Wynn turned the string over their fingers and glanced toward the opening she had come from. “Good chambers in there,” they said. “Cooler than I expected.”
Luma nodded. “I heard it from the ridge.”
“The hum?”
“Yes.”
Wynn looked out over the western land. “I’ve come across others.” A small lift of one shoulder. “Not many. Enough to know they each sound a little different.”
Luma turned toward them despite herself. “Different how?”
Wynn considered, not because the question was difficult but because they seemed to let each answer arrive before speaking it. “Some feel thin. Like something almost finished.” Their fingers tightened and loosened on the string. “Some feel restless. This one doesn’t.” A pause. “This one feels patient.”
Luma looked back toward the dome. Patient was the right word. She had no better one.
“It’s been here all this time,” she said, mostly to herself.
Wynn nodded as if that, too, were obvious and worth saying. “Most things have.”
The words might have sounded strange from someone else. From Wynn they landed like a stone settling deeper into water.
“What brought you out here?” Wynn asked after a while.
Luma picked at a loose thread on the edge of her food cloth. “I heard the hum,” she said again. “And the structure’s visible from the southern ridge. I thought…” She stopped.

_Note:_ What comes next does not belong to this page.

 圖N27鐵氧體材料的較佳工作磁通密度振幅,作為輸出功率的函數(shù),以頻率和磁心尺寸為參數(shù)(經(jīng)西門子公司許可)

The justification felt thin in her mouth. “I thought it might be worth knowing what was out here.”
“For the route.”
It was not a challenge. Just completion.
“Yes,” Luma said.
Wynn did not smile at the incompleteness of it, did not tilt their head in that way people do when they think they can see through you and want you to know it. They simply nodded, accepting the sentence for what it was and for what it was not.
“I came yesterday,” Wynn said. “Wasn’t heading for this, exactly. Saw the light on it near sundown.” They looked toward the white flowers at the base of the dome. “Stayed because of those, a little. Stayed because of the chambers more.”

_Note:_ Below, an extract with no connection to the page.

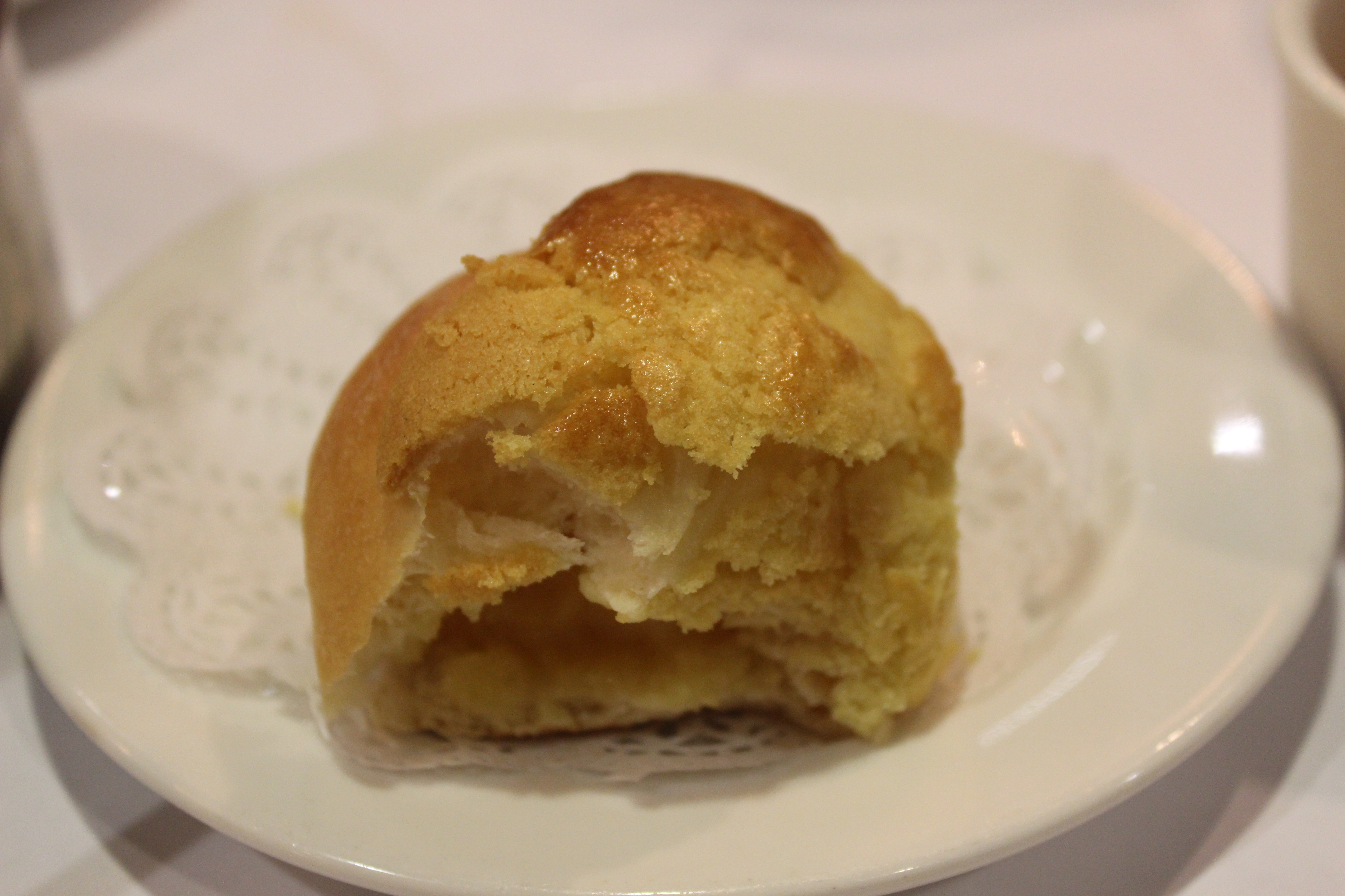 I wasn’t really feeling the Durian Puffs (now I know why they call it the “stinky fruit”), but I loved this pineapple bun with custard filling because the dough was so soft and the cream filling not-too-sweet.

Luma followed their gaze. Up close, the flowers seemed impossible in this dry place, so thin-stemmed and precise.
“I don’t know them,” she said.
“I don’t either.”
Something in her eased at that. Not because the ignorance mattered, but because Wynn said it without apology, without making lack into failure. Just: I don’t know.
The phrase sat there in the shade between them, plain and unguarded.

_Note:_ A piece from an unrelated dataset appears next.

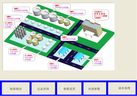 中心控制室系統界面給出對應探測器位號并給出相應的光報警信號,并把報警情況記錄在系統中。同時系統高音報警器給出高音聲報警。在系統中應有報警區 域平面布置圖(圖中包括含氣體探測器的位號和具體安裝位置),給出具體的報警狀態。

Wynn leaned their head back against the dome’s curve and closed their eyes for a moment, face turned toward the warmth held in the wall. “Long light today,” they said.
Luma looked at them, then at the open land beyond, bleached now with noon and stretching farther than it had from the ridge. “Yes.”
No one in Cairnwell had asked her where she was this afternoon because no one in Cairnwell knew. No one had expected her to be sitting in the shade of a half-buried structure with a stranger who carried almost nothing and spoke as if time were not something to be managed. The thought should have sharpened guilt. Instead it moved through her like the hum through the floor of the chamber—steady, difficult to name, impossible now to stop feeling.
Wynn opened their eyes. “There’s a spring west of here,” they said. “Not far. Better water than what I’ve got left.” They rose in one compact movement, brushed dust from their palms, and slung the skin over one shoulder.
They did not ask if she wanted to come.
Luma stood anyway.
The creature rose from its stone and stretched, long-backed and careful, then fell in behind them as if this had already been decided by everyone except her mind.
She looked once toward the east, though the route was nowhere visible from here. Then she adjusted the strap of her pack and followed Wynn into the long middle of the day.